A Welsh health authority has launched a recovery plan to tackle a £20m deficit in funding for the local health service.

The Dyfed Powys HA plan, Effective Care and Healthy People - developing the strategic direction 1998-2002, identifies savings of just over£2m among its five home trusts in 1998-99 and£9.5m over five years. But it acknowledges this will leave a 'substantial gap' of£8.9m a year in 2002.

'This is a good first step, but more work needs to be done, ' said HA chief executive Peter Stansbie, who used the launch to point out that an extra£4.5m a year would wipe out the deficit within five years.

Dyfed Powys HA was criticised last year when it put another version of Effective Care and Healthy People out to public consultation in the face of an£11m deficit.

Unison called it a 'farce' for suggesting trusts should consider closing eight out of 19 community hospitals, but not saying where.

Wales Unison head of health Dave Galligan said: 'This new plan is more subtle in that it moves away from an all out attack on community hospitals, but the threat is still there.

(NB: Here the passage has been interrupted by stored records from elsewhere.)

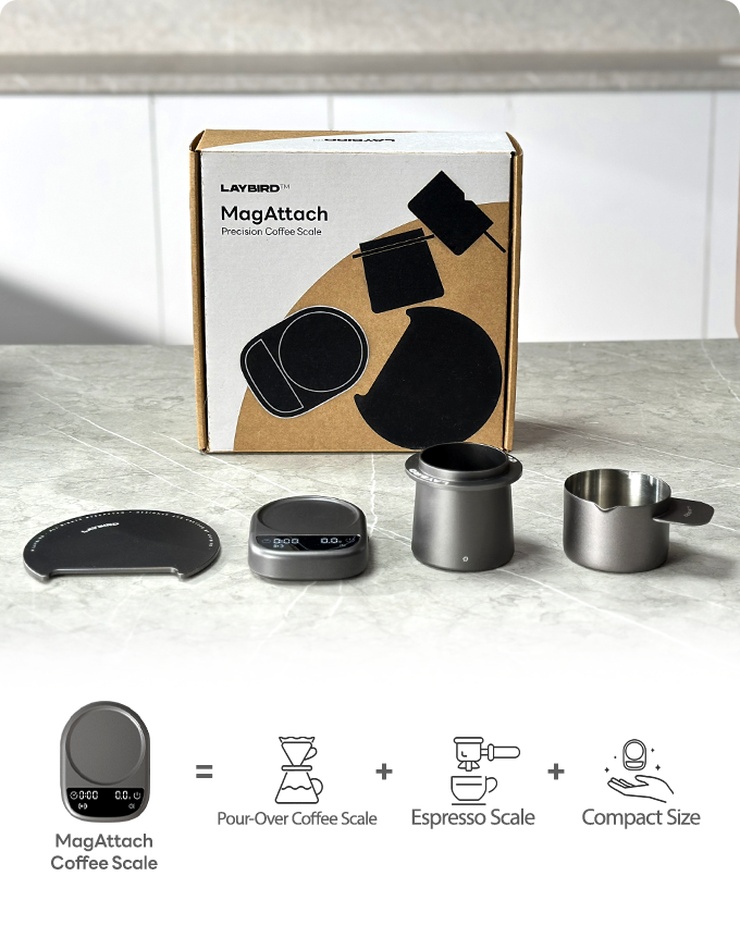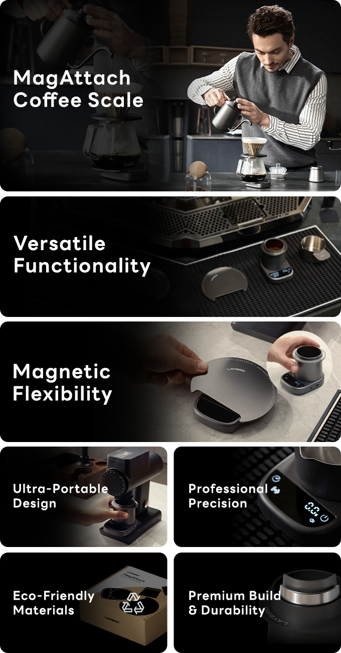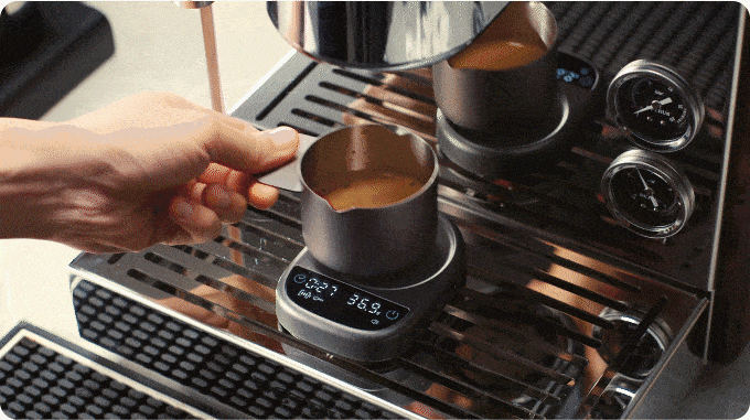 你现在可以简单地将计量杯或浓缩咖啡杯固定在MagAttach秤上,将其转变为称量豆、粉或液体的精密工具。每一步都变得流畅、专业且轻松。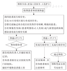 预检过程中重点检测患者和家属体温并对流行病学史进行询问和记录,通过预检的患者才可挂号,候诊区仅允许患者本人有序候诊(儿童患者只允许1名家长陪同),家属在候诊区外或院外等候。不明原因发热的患者须即刻前往就近定点发热门诊进行筛查。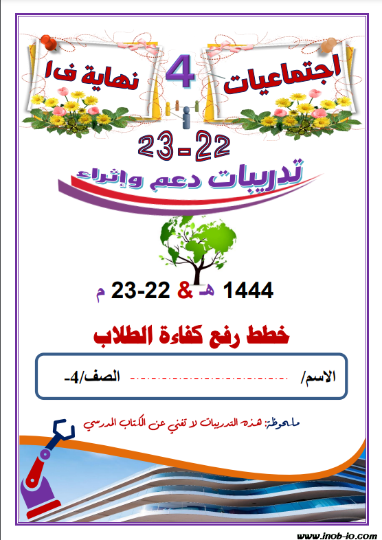 PDF تدريبات دعم واثراء لاختبار نهاية الفصل ( غير مجابة ) لمادة الدراسات الاجتماعية المستوى الرابع الفصل الأول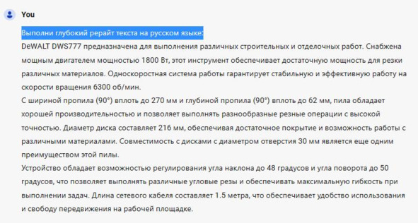 Простейший промпт (инструкция): Выполни глубокий рерайт текста на русском языке, рис. 39.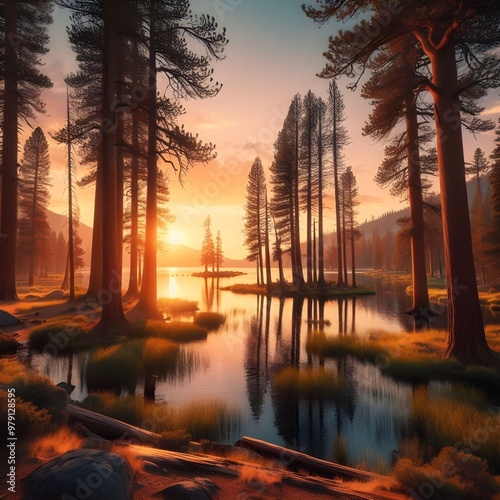 Serene Sunset Over a Lake Surrounded by Lush Trees and Grass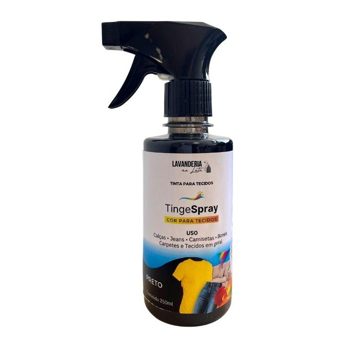 Lançamento exclusivo: a primeira tinta permanente para qualquer tipo de tecido! Transforme o visual de seus itens de vestuário e acessórios de tecido com TingeSpray, a solução perfeita para dar vida nova às suas peças! Aplicação em: algodão, poliéster, nylon, rayon(viscose), linho, denin(jeans), veludo, suede. Use em calças, jeans, bermudas, camisetas, estofados, carpetes, poltronas, mochilas e calçados. *Não recomendado para peças de couro.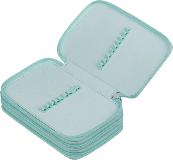 Fermoarele YKK de calitate asigură o închidere cursivă, iar cotorul întărit facilitează manipularea chiar și când penarul este plin.
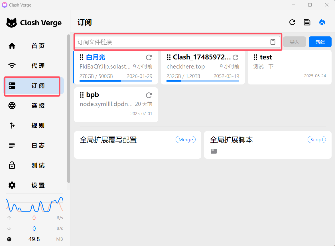 点击左边的订阅,在右上方输入订阅链接,然后点导入
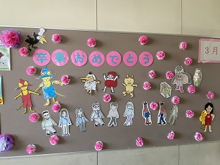 ご紹介が遅れました。前回の図書ボランティアさんの活動で、6年生の卒業をお祝いする掲示物を作っていただきました。いよいよあと1週間で卒業式です。図書ボランティアさんは、多くの保護者様に関わっていただいていますが、特に6年生の保護者さんには感慨深い作業だったと思います。皆様、ありがとうございました!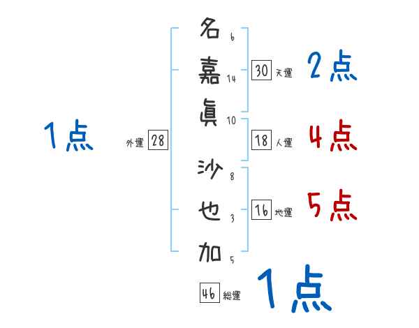 天運![]() | 名嘉眞沙也加さんの天運は30画の2つ星!浮き沈みの激しさに注意しましょう。 家系が持つ宿命的な運勢を表します。祖先から受け継いだ苗字ですので自分の力が及びません。家柄を象徴します。 |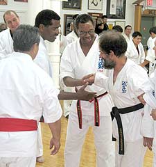 At the conclusion of testing, participants were awarded their belts. Kaicho Nakamura asked me to introduce Kevin and give some background on him and his studies. I recounted his history, his challenges, his work ethic as well as his keen sense of humor, his insightful knowledge. I also noted that the one time he had been attacked, he had nearly beaten up his assailant before other intervened.

'The savings identified in this document are minimal and there will have to be major service reconfiguration to make up the bulk of the money - unless the new Welsh Assembly decides to take a different view on more cash.'

Llanelli-Dinefwr community health council chief officer Martin Morris said:

'This document says the situation is much worse than a year ago, but nobody is taking responsibility for it. It seems they are going to wait for the local health groups to kick in and leave the difficult decisions to them.'

But Chris Lines, spokesperson for Powys Health Care trust, which will 'review' its community hospitals this year, said the process would be 'objective'.